N.J. lawmakers pump the brakes on letting civilians investigate cops as activists demand more oversight

State lawmakers on Monday held back a bill that would give civilians more power to investigate local police in New Jersey, which would include the authority to force departments to turn over internal documents, even as activists rallied to demand more oversight.

The state Assembly had scheduled a vote on a bill (A4656) to allow civilian complaint review boards to dig into allegations of misconduct, but leaders later pulled the proposal from consideration, at least temporarily.

A spokesman for Assembly Speaker Craig Coughlin, D-Middlesex, said the bill may need to be changed to pass.

“Amendments are being considered as we look to gain consensus,” Kevin McArdle wrote in a message to NJ Advance Media. A spokeswoman for one of the bill’s sponsors declined comment.

Several civil rights and advocacy organizations gathered outside the Statehouse Monday to demand the bill’s passage.

“Real police reform must include community oversight with subpoena, investigatory, and disciplinary powers,” Maati Sekmet Ra, co-founder of the Trenton Anti-Violence Coalition, said in a statement. “Anything less is status quo.”

Even if the current version of the proposal became law, the bill would still limit when civilian boards could launch their own reviews, prohibit investigations into the State Police and bar the general public from learning the names of officers accused of misconduct.

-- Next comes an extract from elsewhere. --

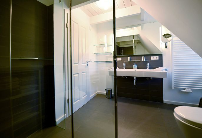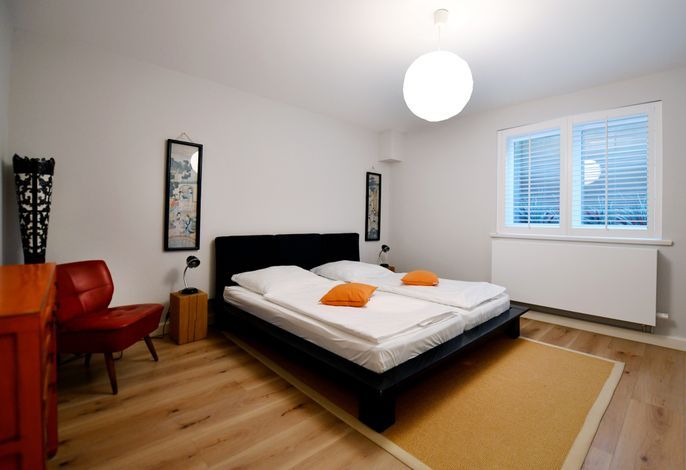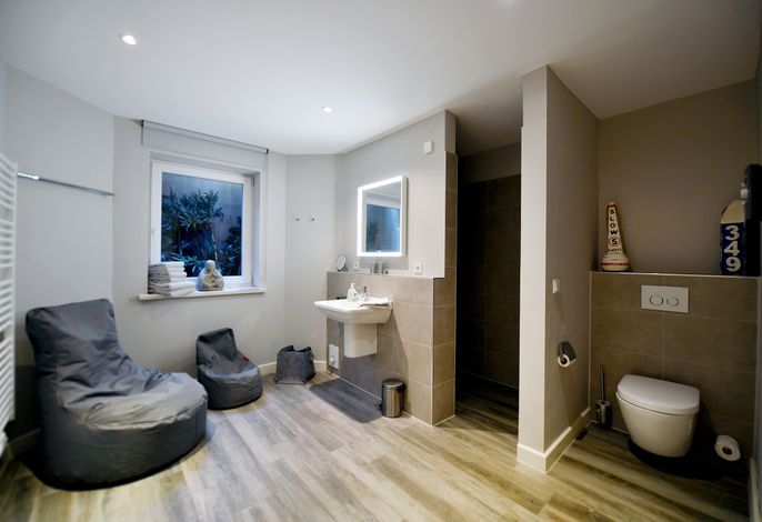 Die Strandhütte ist modern und zeitlos eingerichtet. Sie können sich z. B. auf einen schönen, offenen, kommunikativen Koch- und Essbereich mit einer modernen Einbauküche - mit Induktionsherd - freuen. Dazu auf einen großzügigen, komfortablen Wohnbereich mit einem antiken Kaminofen. Und auf bequeme Boxsprint-Betten in den beiden Schlafzimmern im OG. Außerdem erwarten Sie in der Strandhütte: Insgesamt 3 elegante Duschbäder, eine Wellness-Oase im UG sowie zwei sonnige Terrassen mit einem Luxus-Strandkorb und Garten. Wallbox am Parkplatz.

There should be no waiting period for boards to launch their own investigations, said Joe Marchica, chair of a local chapter of the nonprofit Our Revolution. He added that subpoena power shouldn’t be restricted in any way.

Several years ago, Newark tried to give a board the ability to subpoena documents and run investigations at the same time as the city’s department. A police union sued, arguing that simultaneous investigations by potentially unqualified civilians could endanger an agency’s ability to fairly investigate its own, and the state Supreme Court agreed that Newark had overstepped.

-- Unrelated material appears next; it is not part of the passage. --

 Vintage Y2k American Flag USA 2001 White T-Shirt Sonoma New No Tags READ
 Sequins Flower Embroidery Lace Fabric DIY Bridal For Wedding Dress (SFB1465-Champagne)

Changes to the law have already received green lights from two committees. In March, dozens testified in favor before the Assembly’s Community Development and Affairs Committee, and the Appropriations Committee voted in favor last week after further amending the bill.

Under the proposal, towns or counties would have the option of appointing at least three people to dig into allegations of excessive force, lying, “offensive language” or “abuse of authority.”

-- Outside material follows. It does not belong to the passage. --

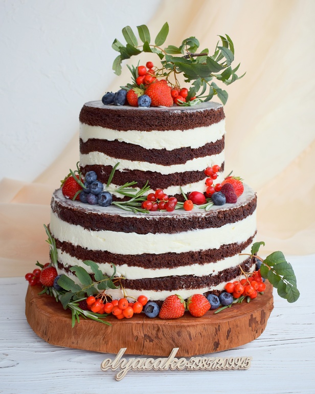 Голый" свадебный торт на осеннюю 🍁🍂💒 свадьбу в интересном и красивом стиле Рустик (деревенский стиль)..

If a resident filed a complaint, the board would first have to pass the complaint to a police department’s internal affairs division. If officers decided not to investigate, or hadn’t completed an investigation after 120 days, a board could subpoena witnesses and documents for its own inquiry.

Boards would also have to alert prosecutors if cops were suspected of breaking the law, and then wait for any criminal investigation to end.

If a board eventually concluded an officer had broken the rules and recommended discipline, the public would largely stay in the dark.

The bill says “all personal identifying information contained in all records made, maintained, or kept on file by a civilian review board ... including in any reports ... shall be confidential and unavailable.”

Leaking information about a board’s work “with the intent to injure another” would be a fourth-degree crime.

Members would have to be trained, but individual municipalities would have a say in their board’s structure and could decide whether to pay members. The bill would set aside $800,000 to pay for training.

People convicted of first- or second-degree crimes within the last ten years would be ineligible to serve.

The bill also directs departments statewide to allow anonymous complaints to be filed online, whether or not the town had a civilian board.

Gov. Phil Murphy has previously signaled support for civilian boards with investigatory powers.